_WHAT YOU WILL DO_
Would you reproduce exactly, and only, the lines starting at the one with "〆にはアルバカレーを。ごはん" and ending at the last line of the data, with both included? Leave the pictures out.

::: DATA SEGMENT :::

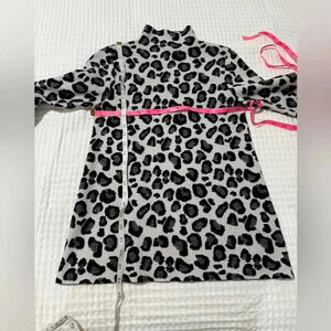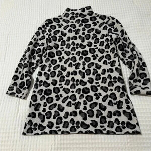 Tahari Sweater Womens Small White Black Animal Print Viscose Mock Neck Pullover
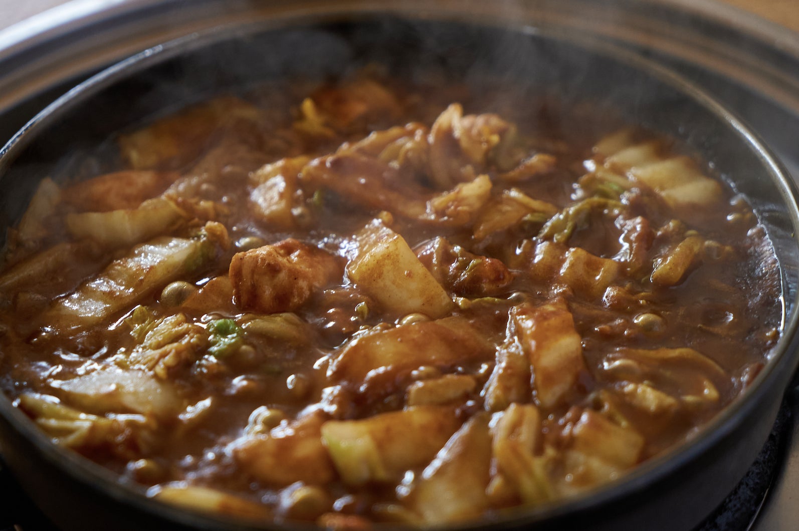 〆にはアルバカレーを。ごはんか、うどんか、ラーメンか!出汁の出た鍋とカレーの相性が意外にもGoodです!
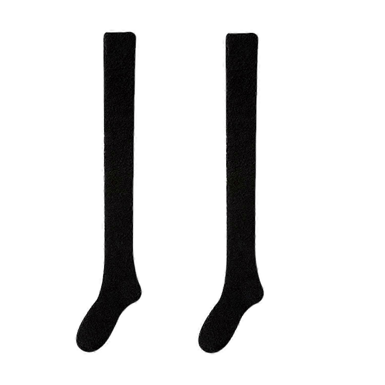 1 Pair Women Winter Socks Tihick Plush Over Knee Socks Anti-slip Coral Fleece Solid Color Warm

:::

_RESULT OF THE TASK_
 〆にはアルバカレーを。ごはんか、うどんか、ラーメンか!出汁の出た鍋とカレーの相性が意外にもGoodです!
 1 Pair Women Winter Socks Tihick Plush Over Knee Socks Anti-slip Coral Fleece Solid Color Warm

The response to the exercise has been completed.